Physical characteristics
- Source: Pashleth Glacier
- • location: Pacific Ranges
- • coordinates: 51°31′38″N 126°12′51″W﻿ / ﻿51.52722°N 126.21417°W
- • elevation: 910 m (2,990 ft)
- Mouth: Machmell River
- • coordinates: 51°35′48″N 126°26′33″W﻿ / ﻿51.59667°N 126.44250°W
- • elevation: 232 m (761 ft)
- Length: 21 km (13 mi)

Basin features
- Topo map: NTS 92M9 Machmell River

= Pashleth Creek =

Tribuatary stream in the country of Canada

Pashleth Creek is a tributary of the Machmell River in central coast part of the province of British Columbia, Canada. It flows generally west and northwest for roughly 21 km to join the Machmell River. The mouth of Pashleth Creek is located about 88 km south of Bella Coola, about 195 km north of Campbell River, and about 348 km northwest of Vancouver.

Pashleth Creek is in the traditional territory of Wuikinuxv people. As of 2025, the Wuikinuxv Nation is in stage 5 of treaty negotiations with the Province of British Columbia for lands including the entire Machmell River watershed.

==Geography==
Pashleth Creek originates from the meltwater of Pashleth Glacier.

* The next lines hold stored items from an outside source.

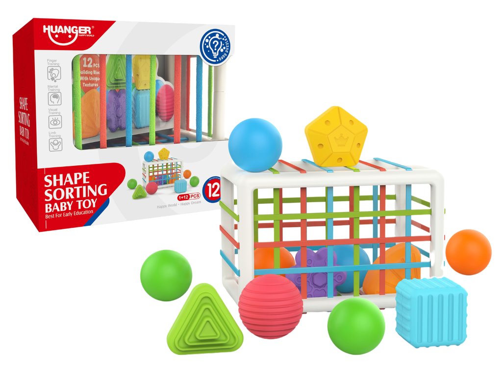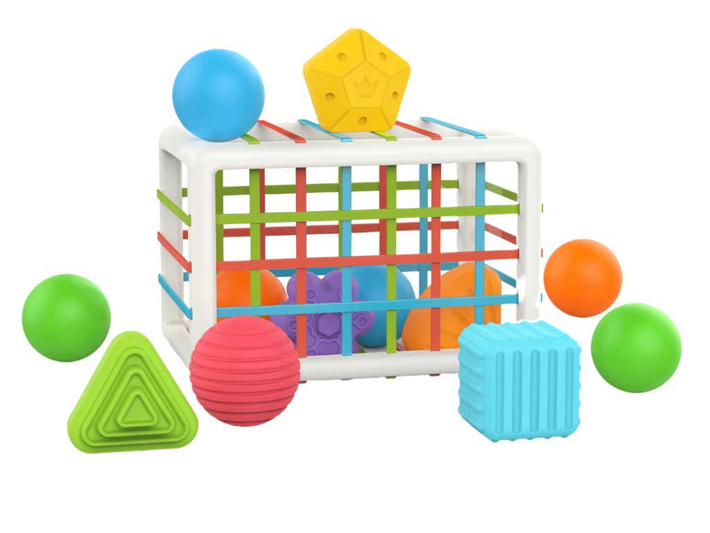 Třídicí hračka Elastická kostka s míčky a figurkami pro kojence V raných fázích života je dětský mozek jako houba, která nasává nové informace Je proto důležité dbát na to, aby se jeho znalosti rozšiřovaly bezpečným a vyváženým způsobem
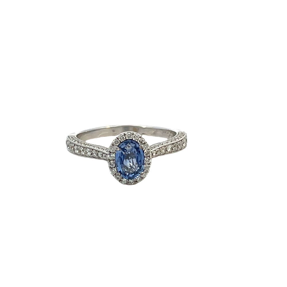 This white gold ring features a stunning ceylon oval sapphire, elegantly framed by a halo of sparkling diamonds. The band, encrusted with additional diamonds, enhances the ring's luxurious appeal, making it a perfect choice for those seeking timeless elegance and sophistication.
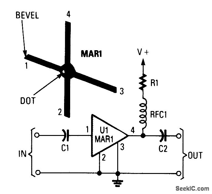 This wideband amplifier uses a MARI IC, which is a gain block. The device is manufactured by Mini-Circuits Lab and offers +13-dB gain from dc to 1000 MHz. R1 is selected to provide 17-mA current to UI at +5 V. For 12-V supply R1 = 470 Ω. RFC1 is typically 1 to 5 pH.
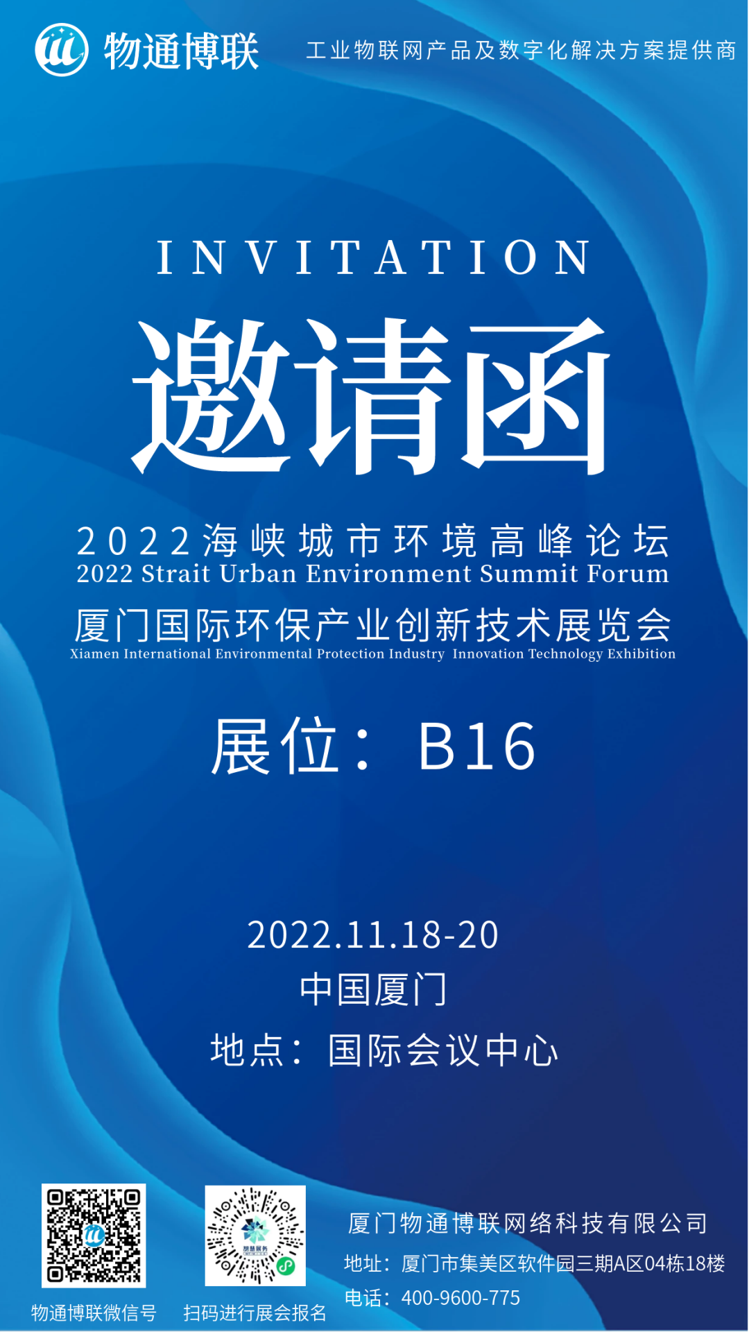 物通博联诚挚邀请您2022年11月18-20日莅临厦门国际会议中心B16展位参观交流。
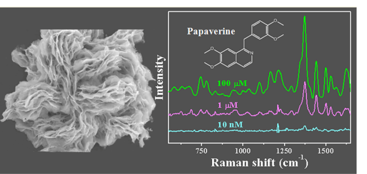 当一些分子被吸附到某些粗糙的金属表面上时,他们的拉曼散射强度会极大的增强,后来科学界把这一现象命名为表面增强拉曼散射效应(Surface-enchanced Raman Spectroscopy, SERS),简称SERS。常用的基底有贵金属(Cu,Ag,Au 等)粗糙电极、贵金属溶胶、纳米颗粒、纳米阵列等,基底也赋予了SERS具备更高的高灵敏度,故广泛应用于生物制药、食品安全、刑侦安检等领域。该技术可以获得痕量分子结构信号,特别适合于对微量物质的研究分析。但其基底重现性和稳定性难以控制,这一定程度上限制了其推广和应用。因此,研究和开发优良的基底成为SERS研究的重点和热点。
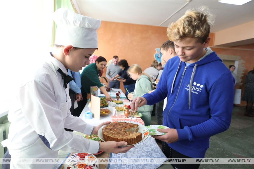 Ребят из России познакомили с жизнью воспитанников школы-интерната. Для них организовали гастрономический фестиваль "Бульба-фэст", выставку поделок "Осенних красок карнавал" и концерт "Праздник урожая - 2023". Россиянин Александр Марченко поделился, что директор их учреждения часто рассказывала о Беларуси. "Но я не знал и не верил, что у меня появится возможность увидеть ее самому", - сказал он. Мальчик рассказал, что особенно его впечатлил гастрономический фестиваль. "Было очень много интересных блюд. Видно, что ребята очень старались показать нам белорусскую кухню. А на выставке меня впечатлила работа с Чебурашкой и Крокодилом Геной. Это очень интересно", - поделился впечатлениями Александр Марченко.
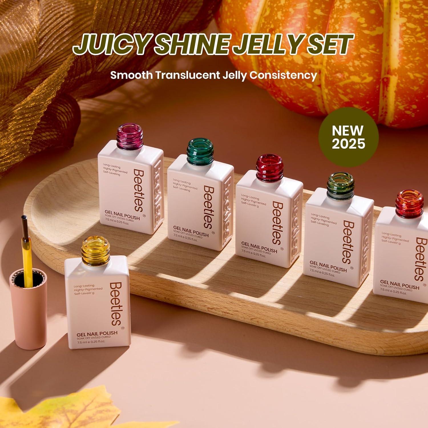 Beetles Vivid Noel Jelly Gel Nail Polish Set - 6 Colors Christmas Gel Polish Kit Pink Red Black Blue Green Purple Sheer Translucent Effect Soak Off UV DIY Home Salon Manicure Winter Gift for Women(0-0-Autumn Prism)
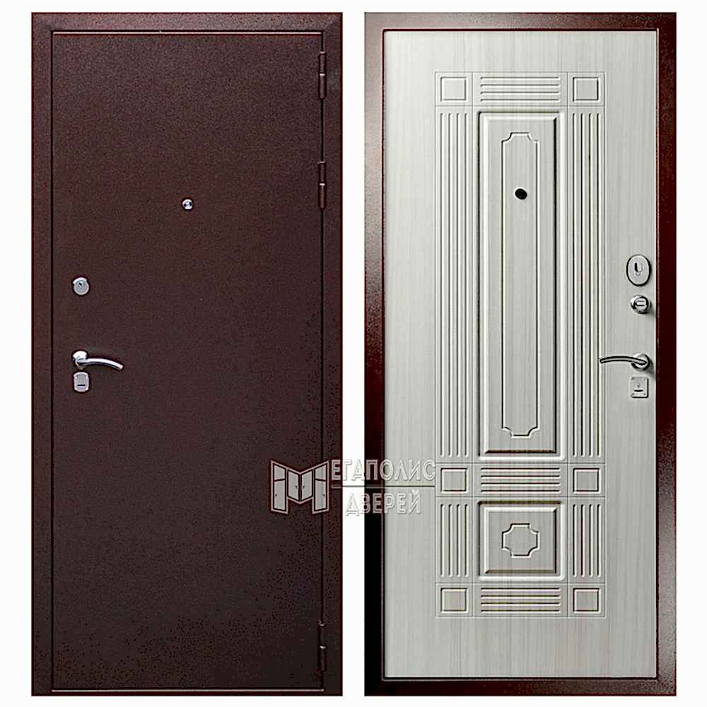 Дверь из высокопрочной стали, имеет два замка Гардиан 4 класса взломостойкости и ночную задвижку. Внешняя сторона двери окрашена в цвет «Антик-медь», с внутренней стороны Pin-Up в благородном цвете «Белый дуб». Оформление двери подойдет для классического интерьера.

It flows west and northwest to the Machmell River, collecting tributary streams, including Selman Creek, mostly flowing from other glaciers in the region.

==Geology==
A lava flow of basaltic andesite composition travelled through Pashleth Creek valley during the Quaternary and reached the Machmell River. It is more than 25 km long and issued from several vents on the northern side of the 20 km wide Silverthrone Caldera. The lava flow ranges in elevation from 2000 to 100 m and has undergone only a minimal degree of erosion; it may have been erupted in the last 1,000 years.